Jæren : les plages qui n'ont rien d'une carte postale de Norvège
Je m’étais construit une image de la Norvège bien avant d’y arriver, et elle était entièrement verticale. Des parois de fjord, des lignes de neige, une eau si profonde et si étroite qu’elle semblait construite de main d’homme. Alors quand quelqu’un à Stavanger m’a suggéré, presque en passant, d’aller voir Orre pendant mon après-midi de libre, j’ai imaginé une version plus petite et plus tranquille de la même carte postale. Ce n’était pas ça du tout. Je suis sorti de la voiture dans un vent qui a refermé la portière derrière moi tout seul, j’ai franchi une dune basse, et il n’y avait plus rien devant moi que du sable. Des kilomètres de sable, pâle et ridé, filant à plat vers un horizon gris sans la moindre montagne en vue.
Il m’a fallu un temps franchement gênant avant d’arrêter de chercher le fjord des yeux.
C’est ça, la chose à comprendre sur Jæren : elle ne cache pas un fjord qu’on n’aurait pas encore trouvé. Au sud de Stavanger, le littoral fait quelque chose que les brochures ne préparent pas à voir. Il abandonne les falaises et les eaux profondes et abritées pour se transformer en un système de plages atlantiques ouvertes, l’une après l’autre, sur des dizaines de kilomètres.
Orre, Borestranden, Solastranden, Kvassheim, Obrestad. Du sable au lieu de la roche, de basses dunes herbeuses au lieu du granit, et un vent qui arrive tout droit de la mer sans rien pour le ralentir. Si vous avez passé vos premiers jours dans le Rogaland à faire la version de la Norvège que tout le monde photographie, voici un autre pays sous le même passeport.
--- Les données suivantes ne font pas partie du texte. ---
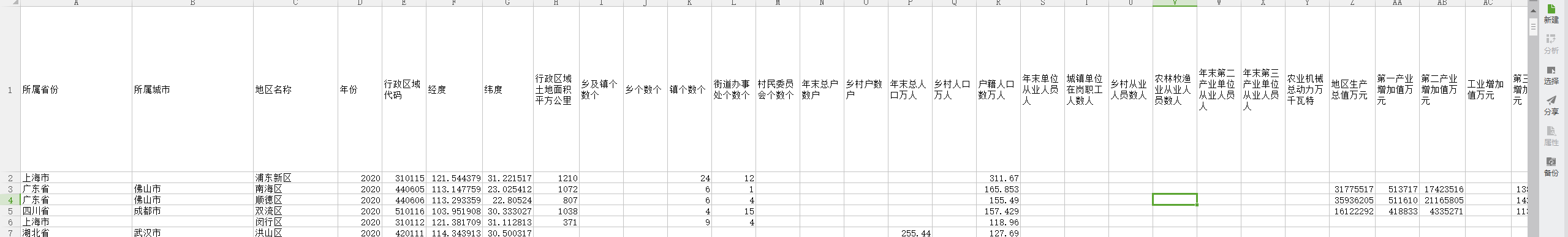 指标包含:所属省份 所属城市 地区名称 年份 行政区域代码 经度 纬度 行政区域土地面积平方公里 乡及镇个数个 乡个数个 镇个数个 街道办事处个数个 村民委员会个数个 年末总户数户 乡村户数户 年末总人口万人 乡村人口万人 户籍人口数万人 年末单位从业人员人 城镇单位在岗职工人数人 乡村从业人员数人 农林牧渔业从业人员数人 年末第二产业单位从业人员人 年末第三产业单位从业人员人 农业机械总动力万千瓦特 地区生产总值万元 第一产业增加值万元 第二产业增加值万元 工业增加值万元 第三产业增加值万元 农业增加值万元 牧业增加值万元 人均地区生产总值元人 城镇单位在岗职工平均工资元 城镇居民人均可支配收入元 农村居民人均可支配收入元 地方财政一般预算收入万元 各项税收万元 地方财政一般预算支出万元 城乡居民储蓄存款余额万元 年末金融机构各项贷款余额万元 出口额美元 实际利用外资金额美元 农作物总播种面积千公顷 常用耕地面积公顷 机收面积公顷 设施农业占地面积公顷 农用机械总动力千万瓦 粮食总产量吨 棉花产量吨 油料产量吨 肉类总产量吨 农林牧渔业总产值万元 规模以上工业企业数个 规模以上工业总产值万元 城镇固定资产投资完成额万元 全社会固定资产投资万元 社会消费品零售总额万元 房地产开发投资亿元 普通小学学校数个 普通中学学校数个 普通小学专任教师数人 普通中学专任教师数人 普通小学在校生数人 普通中学在校学生数人 中等职业教育学校在校学生数人 医院卫生院床位数床 医院和卫生院卫生人员数_卫生技术人员人 医院和卫生院卫生人员数_执业医师人 各种社会福利收养性单位数个 各种社会福利收养性单位床位数床 全社会用电量万千瓦时 城乡居民生活用电量万千瓦时 废气中氮氧化物排放量吨 废气中烟尘排放量吨 工业废气中二氧化硫排放量吨 艺术表演场馆数_剧场影剧院个 公共图书馆总藏量千册 体育场馆机构数个 固定电话用户户 移动电话用户数户 宽带接入用户数户 人口基本状况(全部数据)--人口数(人) 人口基本状况(全部数据)--人口数(人)--男性人口(人) 人口基本状况(全部数据)--人口数(人)--女性人口(人) 人口基本状况(全部数据)--人口数(人)--性别比(女=100) 人口基本状况(全部数据)--少数民族人口比重(%) 人口基本状况(全部数据)--城乡人口--城镇人口(人) 人口基本状况(全部数据)--城乡人口--乡村人口(人) 人口基本状况(全部数据)--城市城区人口(人) 人口基本状况(全部数据)--家庭户数(户) 人口基本状况(全部数据)--家庭户数(户)--人口数(人) 人口基本状况(全部数据)--家庭户数(户)--户规模(人/户) 人口基本状况(全部数据)--家庭户数(户)--其中:一人户(户) 人口基本状况(全部数据)--家庭户类别--一代户(户) 人口基本状况(全部数据)--家庭户类别--二代户(户) 人口基本状况(全部数据)--家庭户类别--三代户(户) 人口基本状况(全部数据)--家庭户类别--四代以上户(户) 分年龄、性别的人口(全部数据)--0岁--0岁男性人口(人) 分年龄、性别的人口(全部数据)--0岁--0岁女性人口(人) 分年龄、性别的人口(全部数据)--1-4岁--1-4岁男性人口(人) 分年龄、性别的人口(全部数据)--1-4岁--1-4岁女性人口(人) 分年龄、性别的人口(全部数据)--5-9岁--5-9岁男性人口(人) 分年龄、性别的人口(全部数据)--5-9岁--5-9岁女性人口(人) 分年龄、性别的人口(全部数据)--10-14岁--10-14岁男性人口(人) 分年龄、性别的人口(全部数据)--10-14岁--10-14岁女性人口(人) 分年龄、性别的人口(全部数据)--15-19岁--15-19岁男性人口(人) 分年龄、性别的人口(全部数据)--15-19岁--15-19岁女性人口(人) 分年龄、性别的人口(全部数据)--20-24岁--20-24岁男性人口(人) 分年龄、性别的人口(全部数据)--20-24岁--20-24岁女性人口(人) 分年龄、性别的人口(全部数据)--25-29岁--25-29岁男性人口(人) 分年龄、性别的人口(全部数据)--25-29岁--25-29岁女性人口(人) 分年龄、性别的人口(全部数据)--30-34岁--30-34岁男性人口(人) 分年龄、性别的人口(全部数据)--30-34岁--30-34岁女性人口(人) 分年龄、性别的人口(全部数据)--35-39岁--35-39岁男性人口(人) 分年龄、性别的人口(全部数据)--35-39岁--35-39岁女性人口(人) 分年龄、性别的人口(全部数据)--40-44岁--40-44岁男性人口(人) 分年龄、性别的人口(全部数据)--40-44岁--40-44岁女性人口(人) 分年龄、性别的人口(全部数据)--45-49岁--45-49岁男性人口(人) 分年龄、性别的人口(全部数据)--45-49岁--45-49岁女性人口(人) 分年龄、性别的人口(全部数据)--50-54岁--50-54岁男性人口(人) 分年龄、性别的人口(全部数据)--50-54岁--50-54岁女性人口(人) 分年龄、性别的人口(全部数据)--55-59岁--55-59岁男性人口(人) 分年龄、性别的人口(全部数据)--55-59岁--55-59岁女性人口(人) 分年龄、性别的人口(全部数据)--60-64岁--60-64岁男性人口(人) 分年龄、性别的人口(全部数据)--60-64岁--60-64岁女性人口(人) 分年龄、性别的人口(全部数据)--65-69岁--65-69岁男性人口(人) 分年龄、性别的人口(全部数据)--65-69岁--65-69岁女性人口(人) 分年龄、性别的人口(全部数据)--70-74岁--70-74岁男性人口(人) 分年龄、性别的人口(全部数据)--70-74岁--70-74岁女性人口(人) 分年龄、性别的人口(全部数据)--75-79岁--75-79岁男性人口(人) 分年龄、性别的人口(全部数据)--75-79岁--75-79岁女性

Du sable là où les cartes postales promettaient de la roche
En marchant sur Orre ce premier après-midi, je n’arrêtais pas de faire le calcul à voix haute, surtout pour moi-même. C’est le même comté qui abrite Preikestolen, dressé à 604 mètres au-dessus d’un fjord, et le même comté qui a des parois de plus de mille mètres bordant le Lysefjord.
Et à une heure de route de là, le paysage cesse d’être spectaculaire de cette façon-là pour devenir spectaculaire d’une toute autre manière : plat, balayé par le vent, immense en toute discrétion. La plage d’Orre n’est pas petite. Elle continue bien au-delà du point où l’on distingue encore les gens qui la parcourent, et la lumière y fait quelque chose, sur autant de sable et d’eau à découvert, qu’un fjord étroit ne pourra jamais reproduire, faute d’avoir où rebondir.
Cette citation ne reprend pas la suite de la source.